=== LISTED RECORDS ===
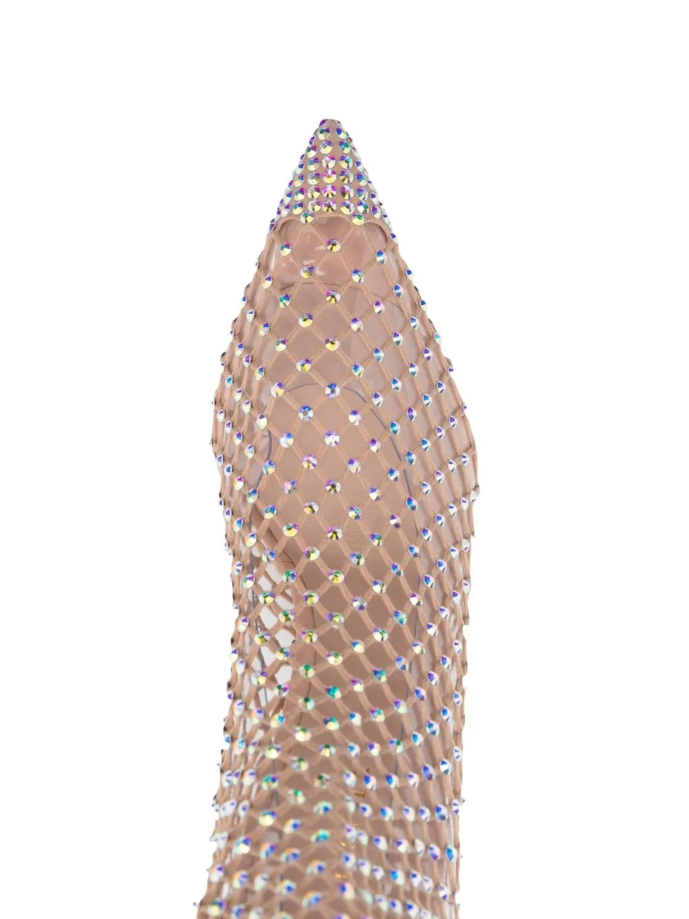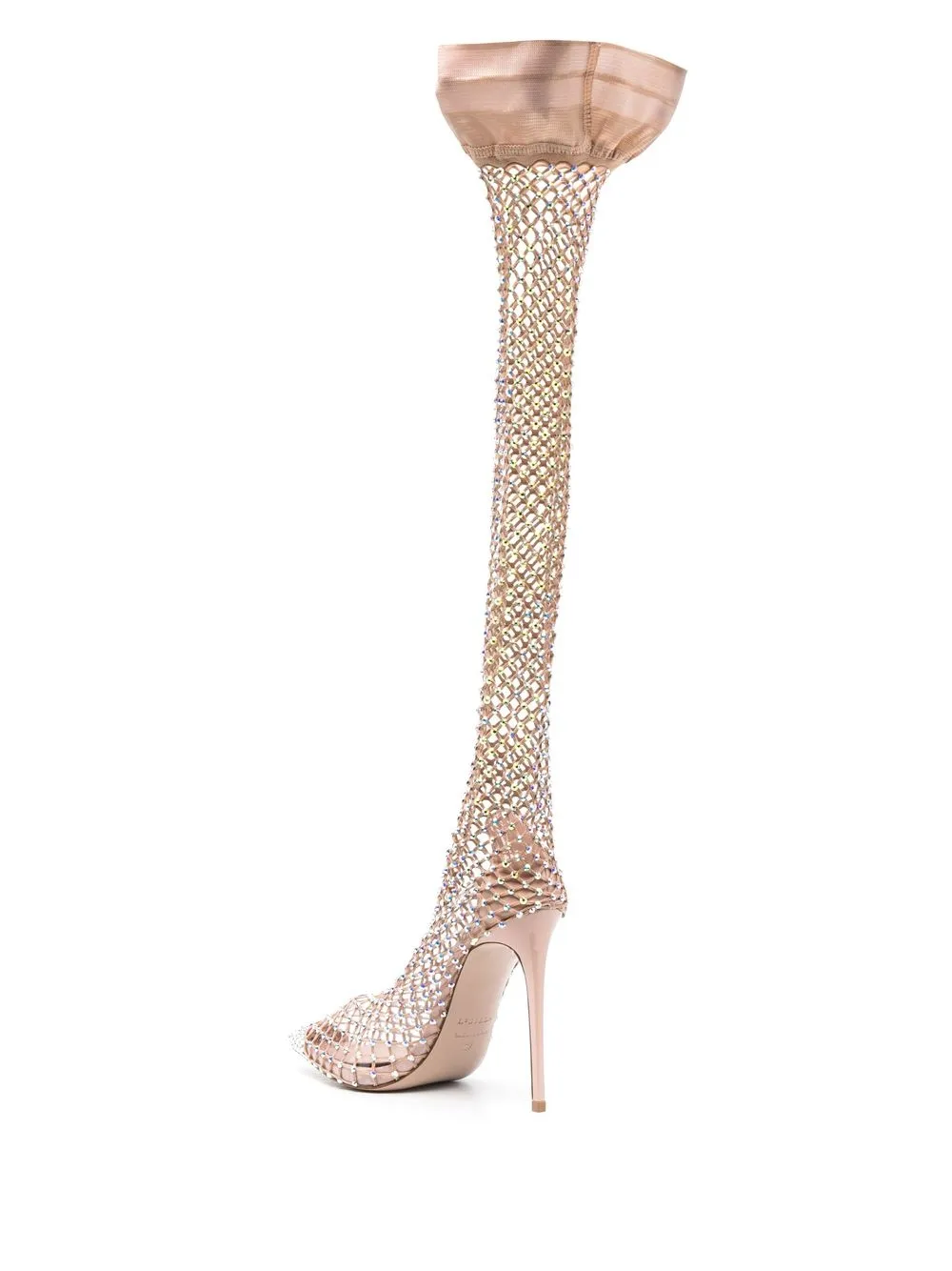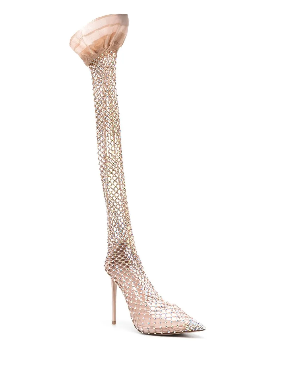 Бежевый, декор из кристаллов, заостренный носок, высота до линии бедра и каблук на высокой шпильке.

---

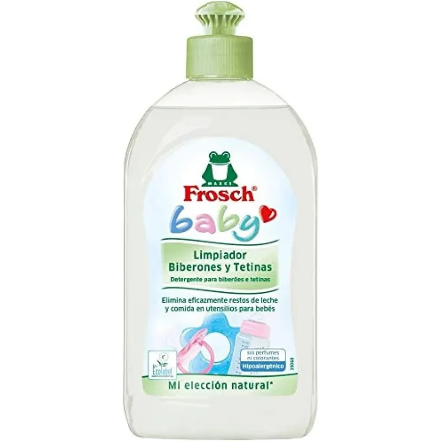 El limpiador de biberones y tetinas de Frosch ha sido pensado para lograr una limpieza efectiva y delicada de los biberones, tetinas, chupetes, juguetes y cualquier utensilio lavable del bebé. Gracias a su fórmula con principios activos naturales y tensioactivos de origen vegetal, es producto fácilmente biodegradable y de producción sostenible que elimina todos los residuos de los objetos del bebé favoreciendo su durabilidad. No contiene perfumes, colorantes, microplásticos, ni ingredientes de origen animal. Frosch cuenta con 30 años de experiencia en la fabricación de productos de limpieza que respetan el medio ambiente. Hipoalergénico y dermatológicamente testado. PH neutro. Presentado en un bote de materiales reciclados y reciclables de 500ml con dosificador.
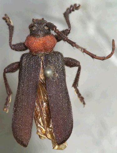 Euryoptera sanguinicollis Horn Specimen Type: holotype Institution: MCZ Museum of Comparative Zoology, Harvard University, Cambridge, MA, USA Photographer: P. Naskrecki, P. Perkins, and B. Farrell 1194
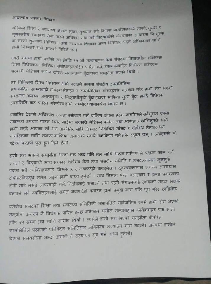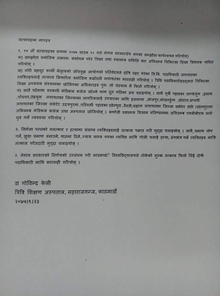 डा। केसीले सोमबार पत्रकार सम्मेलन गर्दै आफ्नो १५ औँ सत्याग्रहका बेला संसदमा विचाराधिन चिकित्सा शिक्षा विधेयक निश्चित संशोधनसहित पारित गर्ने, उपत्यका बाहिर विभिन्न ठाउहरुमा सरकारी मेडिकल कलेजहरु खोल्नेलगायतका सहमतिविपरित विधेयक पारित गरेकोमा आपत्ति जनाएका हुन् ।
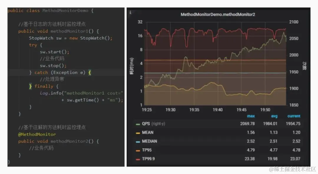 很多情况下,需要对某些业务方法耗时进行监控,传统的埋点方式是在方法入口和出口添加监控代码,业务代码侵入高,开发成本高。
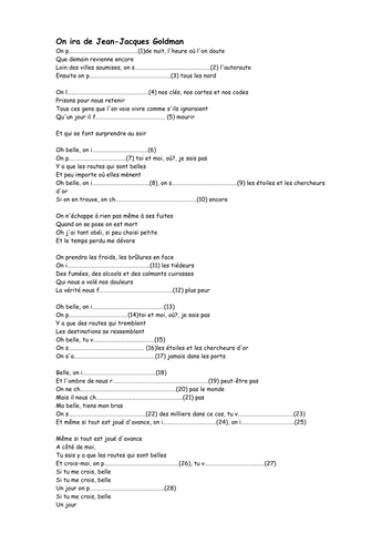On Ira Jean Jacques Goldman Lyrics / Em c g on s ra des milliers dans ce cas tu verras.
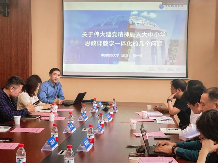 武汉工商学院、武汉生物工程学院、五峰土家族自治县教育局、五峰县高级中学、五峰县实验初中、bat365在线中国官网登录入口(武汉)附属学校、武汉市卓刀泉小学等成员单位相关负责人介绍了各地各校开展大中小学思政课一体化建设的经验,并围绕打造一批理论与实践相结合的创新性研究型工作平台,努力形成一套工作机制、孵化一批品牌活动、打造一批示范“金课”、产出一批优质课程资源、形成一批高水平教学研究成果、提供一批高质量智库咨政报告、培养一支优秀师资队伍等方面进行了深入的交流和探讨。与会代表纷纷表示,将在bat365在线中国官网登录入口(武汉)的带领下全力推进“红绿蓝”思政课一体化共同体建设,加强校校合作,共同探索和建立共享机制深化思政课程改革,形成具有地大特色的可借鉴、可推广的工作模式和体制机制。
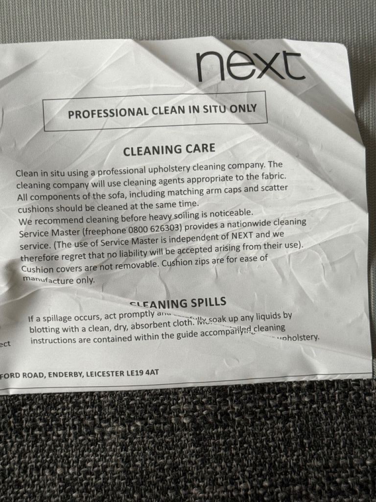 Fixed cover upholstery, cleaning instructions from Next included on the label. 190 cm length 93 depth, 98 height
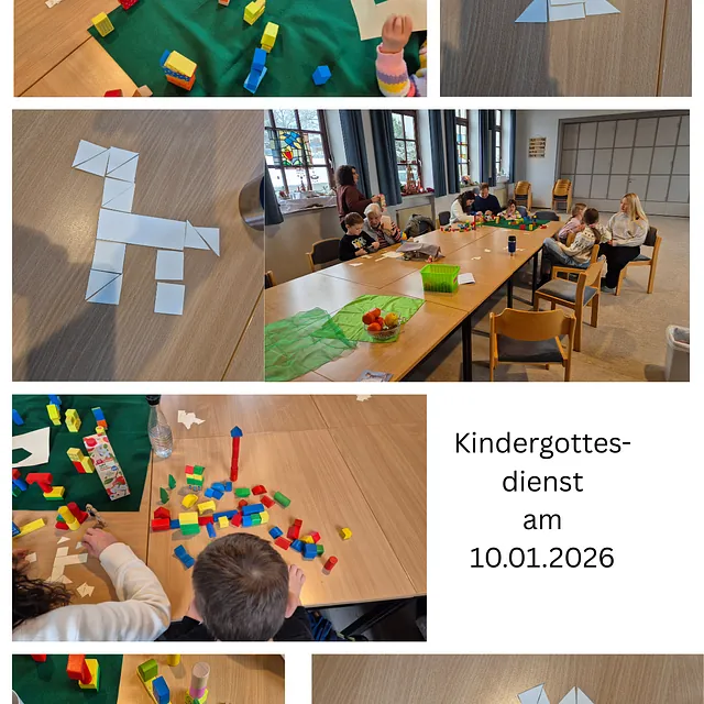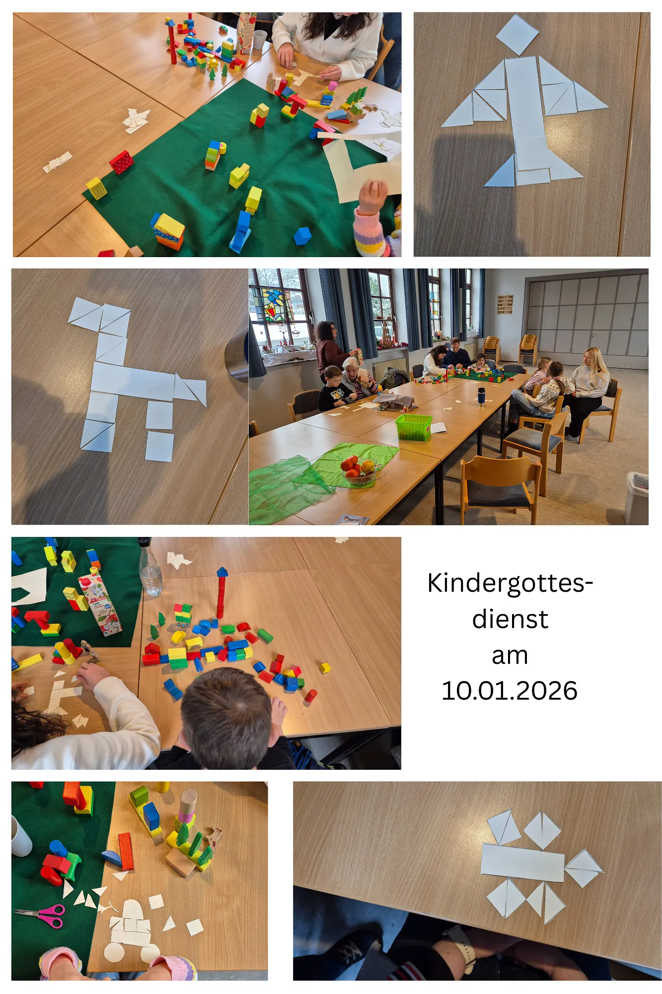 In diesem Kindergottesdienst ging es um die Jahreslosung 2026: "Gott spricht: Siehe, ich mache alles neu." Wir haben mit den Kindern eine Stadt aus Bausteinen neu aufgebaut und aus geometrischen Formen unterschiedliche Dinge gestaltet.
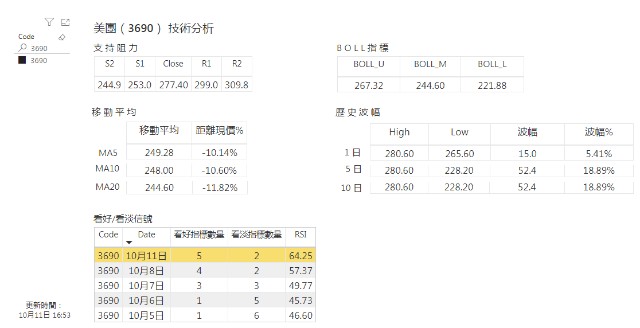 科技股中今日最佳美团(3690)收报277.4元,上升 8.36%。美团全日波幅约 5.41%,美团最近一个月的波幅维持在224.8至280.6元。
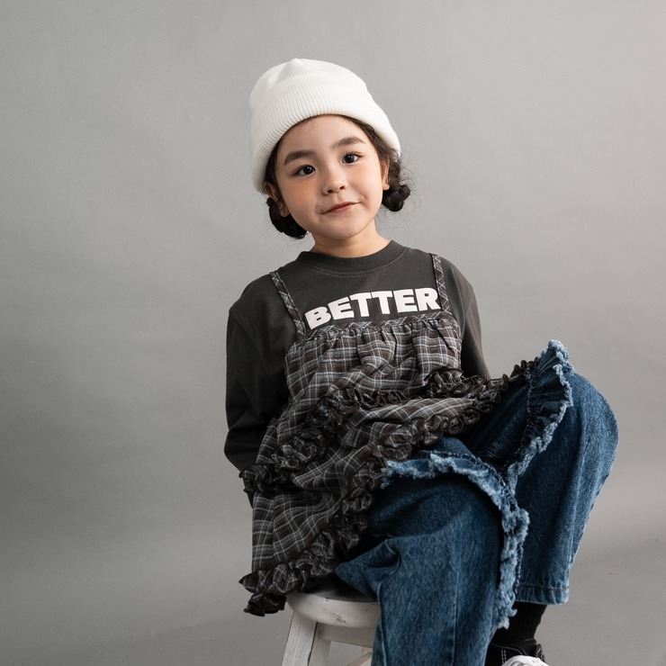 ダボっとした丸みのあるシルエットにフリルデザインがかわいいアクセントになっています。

---

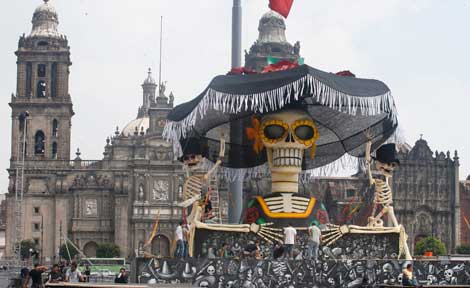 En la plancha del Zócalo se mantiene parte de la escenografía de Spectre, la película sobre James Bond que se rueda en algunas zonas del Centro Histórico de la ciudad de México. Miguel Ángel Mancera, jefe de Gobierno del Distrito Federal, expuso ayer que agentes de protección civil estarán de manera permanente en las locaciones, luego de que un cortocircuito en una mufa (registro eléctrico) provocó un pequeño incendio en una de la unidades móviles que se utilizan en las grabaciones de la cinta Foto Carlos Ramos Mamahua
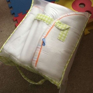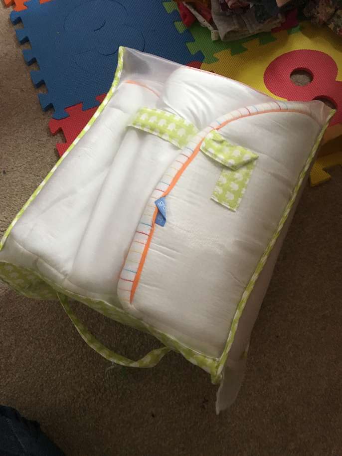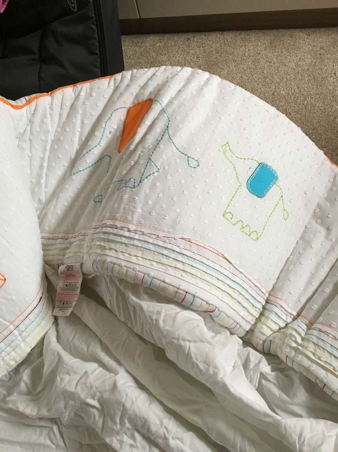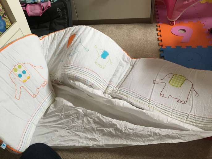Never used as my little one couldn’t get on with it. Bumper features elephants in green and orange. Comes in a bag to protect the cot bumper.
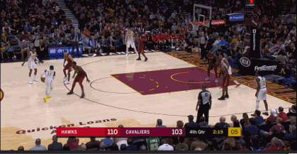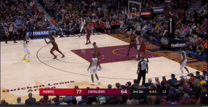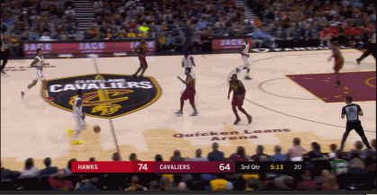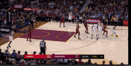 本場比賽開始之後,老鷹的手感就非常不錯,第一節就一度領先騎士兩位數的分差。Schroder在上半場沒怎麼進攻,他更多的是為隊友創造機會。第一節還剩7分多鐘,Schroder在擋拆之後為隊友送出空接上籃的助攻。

=== TASK ===
Beginning at the line above that contains "In diesem Kindergottesdienst", repeat each line exactly through the one that contains "ダボっとした丸みのあるシルエ", and leave out the pictures.

=== FINISHED TASK ===
 In diesem Kindergottesdienst ging es um die Jahreslosung 2026: "Gott spricht: Siehe, ich mache alles neu." Wir haben mit den Kindern eine Stadt aus Bausteinen neu aufgebaut und aus geometrischen Formen unterschiedliche Dinge gestaltet.
 科技股中今日最佳美团(3690)收报277.4元,上升 8.36%。美团全日波幅约 5.41%,美团最近一个月的波幅维持在224.8至280.6元。
 ダボっとした丸みのあるシルエットにフリルデザインがかわいいアクセントになっています。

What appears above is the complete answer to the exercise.